Governor of Nyamira County
- In office 27 March 2013 – 18 December 2020
- Deputy: Amos Nyaribo
- Succeeded by: Amos Nyaribo

Personal details
- Born: 1946 Nyakemincha, South Kavirondo District
- Died: 18 December 2020 (aged 73–74)
- Party: Orange Democratic Movement
- Spouse: Naomi Nyagarama
- Alma mater: University of Nairobi
- Profession: Teacher; Farmer; Manager KTDA;

= John Obiero Nyagarama =

Kenyan politician (1946–2020)

Nyagarama (1946 – 18 December 2020), formally known as John Obiero Nyagarama, was a Kenyan politician. He was the first Governor of Nyamira County, deputised by Amos Nyaribo. He was a member of the Orange Democratic Movement and was elected in March 2013, subsequently retaining his seat for a second term beginning August 2017.

==Early life and education==
Nyagarama was born in Nyakemincha, Nyamira, Nyamira County in 1946. He received his primary school education at Nyakemincha Primary School in West Mugirango Constituency.
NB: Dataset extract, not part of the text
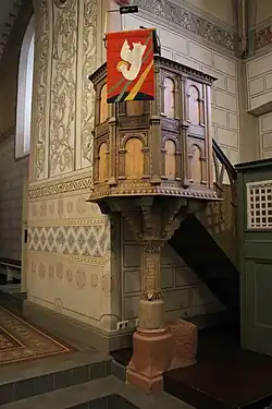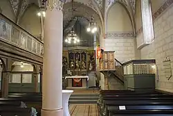 Im Norden und Westen wurde 1608 eine hölzerne Winkelempore eingebaut, die auf Pfosten mit runden Bügen ruht. Die querrechteckigen Füllungen der Brüstung zeigen abwechselnd grüne Rankenornamente auf braunem Hintergrund und polychrome Bilder der zwölf Apostel aus dem 17. Jahrhundert.[1] In der Südostecke des Schiffs ist ein hölzerner, olivgrüner Pfarrstuhl eingebaut, der in der oberen Hälfte durchbrochenes, weiß bemaltes Gitterwerk hat. Er gewährt den Aufgang zur holzsichtigen Renaissance-Kanzel von 1568. Die Kanzelfelder haben in zwei Zonen Rundbögen mit auskragenden Kämpfern. In der gegenüberliegenden Nordost-Ecke der Kirche ist eine weitere, bauähnliche Sakristei mit Gitterwerk errichtet. Das schlichte Kirchengestühl lässt einen Mittelgang frei. Eine Wendeltreppe in der Nordwestecke führt in den Dachraum.[15]

His O-levels were taken at Maseno School and his A-levels at Kisii High School. He then attended the University of Nairobi where he earned a bachelor's degree in English literature.

== Professional career==

Nyamira County, Kenya

Having graduated from the University of Nairobi, Nyagarama worked as a teacher at Nduru Boys Secondary School from 1975 to 1976. He then taught at Nyansiongo Boys High School until 1978, when he transferred to Menyenya High School. He was among the first to teach there and stayed for a period of four years. He later stopped teaching and began farming, focusing on tea production. He joined the Kenya Tea Development Agency (KTDA) as a management trainee and eventually became a manager in various KTDA branches countrywide. He was managing director of the privately owned Sotik Tea Factory from 1991 to 1992.
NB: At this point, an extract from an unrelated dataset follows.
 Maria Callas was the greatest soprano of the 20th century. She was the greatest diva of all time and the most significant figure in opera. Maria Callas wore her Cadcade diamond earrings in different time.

Leaving tea farming, Nyagarama joined Touchline Press Limited, a private publishing company, as its chief executive officer, before going on to establish a tea export company in Mombasa, Kenya in 1993. In 1994, he was elected to serve on the KTDA's board as a director representing the tea zones of Marani, in Kisii County, and certain centers within Nyamira County. He continued to hold various roles for the KTDA from 1994 to 2013. He also served as the chairman of Kenya Tea Packers Limited (KETEPA) between 1996 and 2002, and was among the founders of the Chai Trading Company in 2011, serving as chairman until his resignation in 2013 to pursue a political career.

==Political career==
Nyagarama ran for the parliamentary seat of West Mugirango Constituency, Nyamira County in the general elections of December 2007, but was unsuccessful. On 4 March 2013 he became a candidate for the governorship of Nyamira County, running on the Orange Democratic Movement ticket, which he won. He was sworn into office on 27 March 2013. In August 2017, he won a second term in a tight race against James Gesami and Walter Nyambati, the latter a former Member of Parliament from Kitutu Masaba.

==Death==
On 15 December 2020, he was placed on life support at The Nairobi Hospital after testing positive for COVID-19 during the COVID-19 pandemic in Kenya and suffering multiple lung failures. Three days later, on December 18, he died from the virus. He is to be succeeded by the deputy governor, Amos Nyaribo.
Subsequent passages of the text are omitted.